Exercise: Please restate exactly what appears in the records below from the first line to the line where "圖 1. MAX1556" is, that line included.

Supplied records:
________________________

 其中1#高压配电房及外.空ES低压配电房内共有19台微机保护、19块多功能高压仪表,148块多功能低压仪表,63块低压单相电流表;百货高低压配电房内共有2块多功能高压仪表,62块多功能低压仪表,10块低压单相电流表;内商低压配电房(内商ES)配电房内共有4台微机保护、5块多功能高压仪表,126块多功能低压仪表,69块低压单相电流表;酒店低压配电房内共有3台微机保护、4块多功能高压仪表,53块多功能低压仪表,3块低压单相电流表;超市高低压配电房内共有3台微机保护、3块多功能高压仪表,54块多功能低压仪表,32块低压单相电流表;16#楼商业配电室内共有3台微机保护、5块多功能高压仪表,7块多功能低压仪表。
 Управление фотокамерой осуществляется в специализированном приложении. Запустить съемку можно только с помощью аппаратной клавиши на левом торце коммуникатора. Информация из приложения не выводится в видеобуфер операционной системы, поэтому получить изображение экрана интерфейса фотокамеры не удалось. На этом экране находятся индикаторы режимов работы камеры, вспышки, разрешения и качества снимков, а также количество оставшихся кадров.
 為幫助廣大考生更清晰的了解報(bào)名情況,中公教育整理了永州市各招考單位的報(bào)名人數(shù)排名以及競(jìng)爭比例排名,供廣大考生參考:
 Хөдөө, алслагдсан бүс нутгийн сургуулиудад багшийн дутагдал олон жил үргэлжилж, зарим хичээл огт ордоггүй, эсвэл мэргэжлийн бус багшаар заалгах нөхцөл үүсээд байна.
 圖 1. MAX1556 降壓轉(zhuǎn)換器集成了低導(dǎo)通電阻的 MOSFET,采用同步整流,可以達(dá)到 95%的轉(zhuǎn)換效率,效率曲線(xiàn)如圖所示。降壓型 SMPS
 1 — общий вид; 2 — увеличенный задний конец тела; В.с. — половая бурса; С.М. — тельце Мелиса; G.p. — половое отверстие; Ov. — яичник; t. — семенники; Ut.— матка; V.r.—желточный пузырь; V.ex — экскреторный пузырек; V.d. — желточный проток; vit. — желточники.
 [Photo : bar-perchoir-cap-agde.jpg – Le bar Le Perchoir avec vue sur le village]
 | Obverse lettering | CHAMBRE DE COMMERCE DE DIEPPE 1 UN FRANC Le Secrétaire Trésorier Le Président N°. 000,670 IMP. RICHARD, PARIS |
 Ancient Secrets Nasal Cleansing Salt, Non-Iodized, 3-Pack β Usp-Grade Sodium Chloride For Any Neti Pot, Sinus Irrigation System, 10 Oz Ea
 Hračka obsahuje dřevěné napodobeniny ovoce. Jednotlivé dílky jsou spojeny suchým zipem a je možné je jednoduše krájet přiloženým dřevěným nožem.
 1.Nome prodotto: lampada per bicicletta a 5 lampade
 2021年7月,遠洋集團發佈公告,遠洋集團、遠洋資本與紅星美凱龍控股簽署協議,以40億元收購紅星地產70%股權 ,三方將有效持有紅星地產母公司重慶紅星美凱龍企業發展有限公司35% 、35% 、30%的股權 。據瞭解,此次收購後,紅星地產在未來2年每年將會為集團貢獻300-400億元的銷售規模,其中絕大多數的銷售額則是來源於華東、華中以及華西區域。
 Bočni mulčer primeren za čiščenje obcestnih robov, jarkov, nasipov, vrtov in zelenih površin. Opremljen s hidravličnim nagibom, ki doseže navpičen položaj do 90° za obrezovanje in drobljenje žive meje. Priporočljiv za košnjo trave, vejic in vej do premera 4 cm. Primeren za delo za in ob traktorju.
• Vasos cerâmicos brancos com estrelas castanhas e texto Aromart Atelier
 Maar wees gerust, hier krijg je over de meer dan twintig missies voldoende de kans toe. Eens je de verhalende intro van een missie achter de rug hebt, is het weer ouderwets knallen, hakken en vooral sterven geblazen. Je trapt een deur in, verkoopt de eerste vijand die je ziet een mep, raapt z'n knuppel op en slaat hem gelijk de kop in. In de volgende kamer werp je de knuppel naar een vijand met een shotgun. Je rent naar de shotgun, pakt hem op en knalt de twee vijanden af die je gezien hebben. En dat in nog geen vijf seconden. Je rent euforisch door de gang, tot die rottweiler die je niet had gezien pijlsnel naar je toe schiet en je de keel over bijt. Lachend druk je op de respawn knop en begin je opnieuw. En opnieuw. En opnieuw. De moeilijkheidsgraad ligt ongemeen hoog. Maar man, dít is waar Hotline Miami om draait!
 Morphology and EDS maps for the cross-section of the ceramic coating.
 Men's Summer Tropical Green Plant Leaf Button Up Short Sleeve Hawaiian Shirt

________________________

Response to the exercise:
 其中1#高压配电房及外.空ES低压配电房内共有19台微机保护、19块多功能高压仪表,148块多功能低压仪表,63块低压单相电流表;百货高低压配电房内共有2块多功能高压仪表,62块多功能低压仪表,10块低压单相电流表;内商低压配电房(内商ES)配电房内共有4台微机保护、5块多功能高压仪表,126块多功能低压仪表,69块低压单相电流表;酒店低压配电房内共有3台微机保护、4块多功能高压仪表,53块多功能低压仪表,3块低压单相电流表;超市高低压配电房内共有3台微机保护、3块多功能高压仪表,54块多功能低压仪表,32块低压单相电流表;16#楼商业配电室内共有3台微机保护、5块多功能高压仪表,7块多功能低压仪表。
 Управление фотокамерой осуществляется в специализированном приложении. Запустить съемку можно только с помощью аппаратной клавиши на левом торце коммуникатора. Информация из приложения не выводится в видеобуфер операционной системы, поэтому получить изображение экрана интерфейса фотокамеры не удалось. На этом экране находятся индикаторы режимов работы камеры, вспышки, разрешения и качества снимков, а также количество оставшихся кадров.
 為幫助廣大考生更清晰的了解報(bào)名情況,中公教育整理了永州市各招考單位的報(bào)名人數(shù)排名以及競(jìng)爭比例排名,供廣大考生參考:
 Хөдөө, алслагдсан бүс нутгийн сургуулиудад багшийн дутагдал олон жил үргэлжилж, зарим хичээл огт ордоггүй, эсвэл мэргэжлийн бус багшаар заалгах нөхцөл үүсээд байна.
 圖 1. MAX1556 降壓轉(zhuǎn)換器集成了低導(dǎo)通電阻的 MOSFET,采用同步整流,可以達(dá)到 95%的轉(zhuǎn)換效率,效率曲線(xiàn)如圖所示。降壓型 SMPS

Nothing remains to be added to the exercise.